(Input)
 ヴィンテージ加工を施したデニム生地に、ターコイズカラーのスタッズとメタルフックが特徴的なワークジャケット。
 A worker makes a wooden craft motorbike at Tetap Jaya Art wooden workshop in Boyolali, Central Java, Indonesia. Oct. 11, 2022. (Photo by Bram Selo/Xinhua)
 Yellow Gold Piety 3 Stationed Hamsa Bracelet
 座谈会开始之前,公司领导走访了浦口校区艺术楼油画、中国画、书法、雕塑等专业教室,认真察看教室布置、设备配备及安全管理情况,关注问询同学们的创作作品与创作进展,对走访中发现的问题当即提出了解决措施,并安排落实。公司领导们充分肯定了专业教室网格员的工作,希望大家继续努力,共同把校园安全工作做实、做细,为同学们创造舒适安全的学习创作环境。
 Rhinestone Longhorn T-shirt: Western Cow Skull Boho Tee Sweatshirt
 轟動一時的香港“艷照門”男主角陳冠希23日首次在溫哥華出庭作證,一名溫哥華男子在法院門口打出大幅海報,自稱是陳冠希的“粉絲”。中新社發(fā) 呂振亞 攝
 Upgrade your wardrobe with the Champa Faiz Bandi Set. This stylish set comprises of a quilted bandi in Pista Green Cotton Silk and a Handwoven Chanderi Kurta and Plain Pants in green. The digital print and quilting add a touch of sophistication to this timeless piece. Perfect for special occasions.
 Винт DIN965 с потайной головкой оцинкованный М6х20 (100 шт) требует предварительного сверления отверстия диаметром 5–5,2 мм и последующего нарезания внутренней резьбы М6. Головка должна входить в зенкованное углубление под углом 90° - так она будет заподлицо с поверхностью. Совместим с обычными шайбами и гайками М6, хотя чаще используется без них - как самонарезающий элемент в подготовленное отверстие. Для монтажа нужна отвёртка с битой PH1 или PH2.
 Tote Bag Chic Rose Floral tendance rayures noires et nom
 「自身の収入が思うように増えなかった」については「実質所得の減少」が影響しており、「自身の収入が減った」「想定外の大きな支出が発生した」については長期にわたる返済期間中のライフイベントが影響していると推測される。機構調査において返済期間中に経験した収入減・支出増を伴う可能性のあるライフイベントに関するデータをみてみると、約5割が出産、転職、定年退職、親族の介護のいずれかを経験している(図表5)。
(End Input)
→ **Prompt**:
Can you repeat, word for word, every line above from the one containing "Yellow Gold Piety 3 Stationed Hamsa Bracelet" down to the one containing "Upgrade your wardrobe", including both?

→ **Solution for this exercise**:
 Yellow Gold Piety 3 Stationed Hamsa Bracelet
 座谈会开始之前,公司领导走访了浦口校区艺术楼油画、中国画、书法、雕塑等专业教室,认真察看教室布置、设备配备及安全管理情况,关注问询同学们的创作作品与创作进展,对走访中发现的问题当即提出了解决措施,并安排落实。公司领导们充分肯定了专业教室网格员的工作,希望大家继续努力,共同把校园安全工作做实、做细,为同学们创造舒适安全的学习创作环境。
 Rhinestone Longhorn T-shirt: Western Cow Skull Boho Tee Sweatshirt
 轟動一時的香港“艷照門”男主角陳冠希23日首次在溫哥華出庭作證,一名溫哥華男子在法院門口打出大幅海報,自稱是陳冠希的“粉絲”。中新社發(fā) 呂振亞 攝
 Upgrade your wardrobe with the Champa Faiz Bandi Set. This stylish set comprises of a quilted bandi in Pista Green Cotton Silk and a Handwoven Chanderi Kurta and Plain Pants in green. The digital print and quilting add a touch of sophistication to this timeless piece. Perfect for special occasions.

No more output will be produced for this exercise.